With those layering system in mind, I decided to increase the granularity up to table-level. Knowing which table is extracted and which table the data is loaded into is easy. All tasks in DAG are instantiated with all sorts of parameters and via those params I have access to the transformation query and the destination table. The transformation query contains reference to the input table names, so by parsing it we have list of the input tables. As long as we have input and output (destination) tables, generating lineage is possible.
However, I want to highlight an issue that I stumbled upon during integrating parser to extract list of input tables in a query. Due to the complexity of the query and highly reliant on temporary query (CTE) created using WITH clause, the parser somehow failed to find the correct tables used as inputs. It either detected a CTE as a table, which is not, or it just failed and returned nothing. I’ve tried with several different open-source query parser I can get my hands on, but they all failed to do the thing that they’re built to do. I was certainly frustrated that time, but having no other options I did what an average software developer will do; jump into the code and do it myself. It was my first time learning and working on a parser, luckily it only took me like one work-week to make my code working. But just for reference, if you’re planning to parse SQL query to get the list of input tables then be prepared to pour extra work to make it work properly.
One problem arises because Blibli’s operational system uses several different databases. This creates several transformation pathways, all of which I’ll have to be able to handle as well. So to solve this issue I’m abstracting the transformation parser to support different mechanism. By doing abstraction, I’m also making it easier to update and maintain the parser in case there is new database or new transformation method.
Another issue that I found after developing the lineage is the timeliness of it. Currently, lineage is extracted twice every week, the day after the deployment day. However in the near future, the deployment of DE will be done possibly every day of the week, depending on the requirements. This creates a problem of stale metadata because the ETL is updated while the lineage is not.
For the future of data lineage, I think it’s a good idea to change the mechanism to enable near-realtime lineage update as soon as the data pipeline is updated.
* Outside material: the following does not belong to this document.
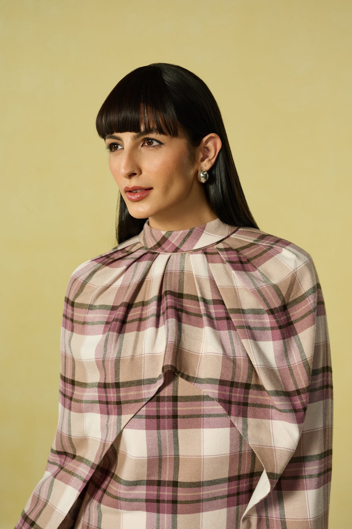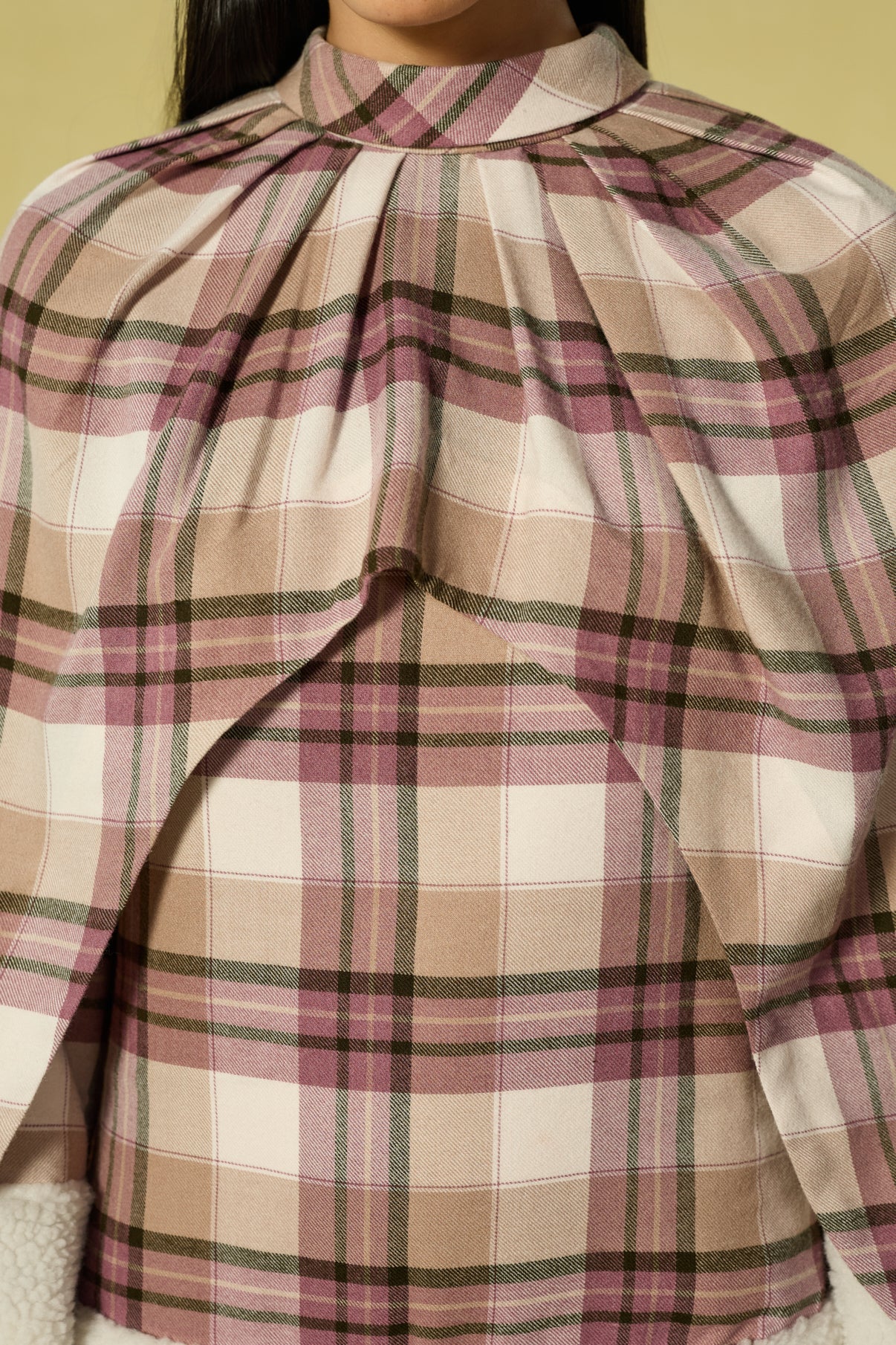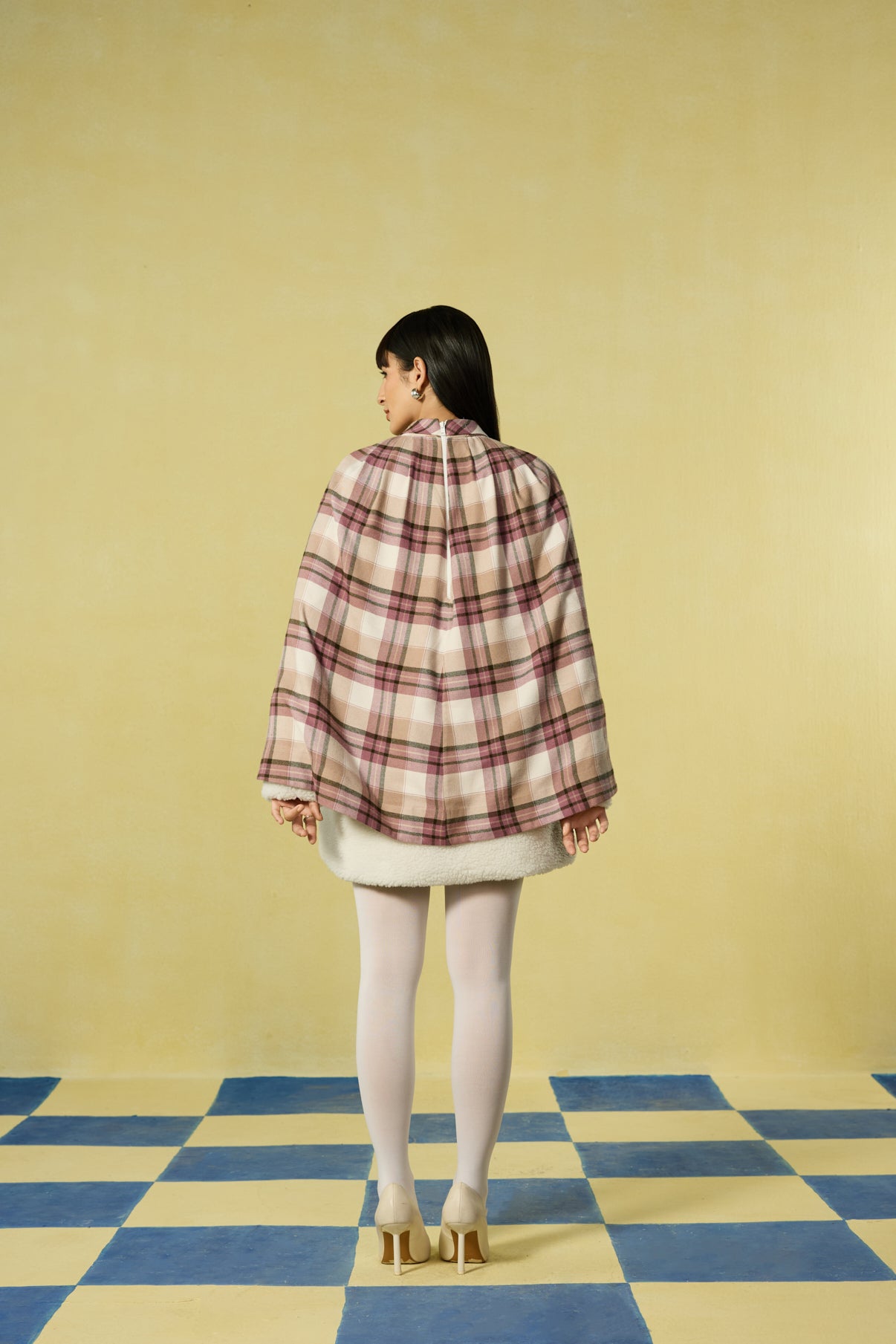 A playful twist on winter nostalgia, this dress blends cozy texture with structured elegance. The upper half features soft blush and mauve checks, detailed with a draped front that opens into a gentle cape-like silhouette. The plush white fleece hem and cuffs add warmth and contrast, creating a tactile mix of comfort and chic. Finished with a mini length and clean lines, this piece embodies contemporary retro charm — equal parts whimsical and polished.

Also, as currently lineage is only stored as a table and not visualized it’s a bit inconvenient for the users. In the future, it’s better to show as a diagram to provide easier access and better understanding for the users.
Conclusion
Overall, the currently available open-source lineage ecosystem are still immature. Even if some tools have been developed for years, like Atlas for example, the lack of support for databases is a huge drawback. Hopefully, we’ll have a better tools for lineage in the future.
As for the developers, several implementation challenges can be solved by setting a clear goals and scope. The timeliness and ease-of-use should also be one of the utmost focus during the development. Keeping the lineage updated is important especially in an environment that evolves rapidly. The ease-of-use is crucial for better usage and understanding of the metadata by its users.
References
[1] Cui, Y., Widom, J., & Wiener, J. (1997). Tracing the lineage of view data in a data warehousing environment. Stanford InfoLab.
[2] Ikeda, R., & Widom, J. (2009). Data lineage: A survey. Stanford InfoLab.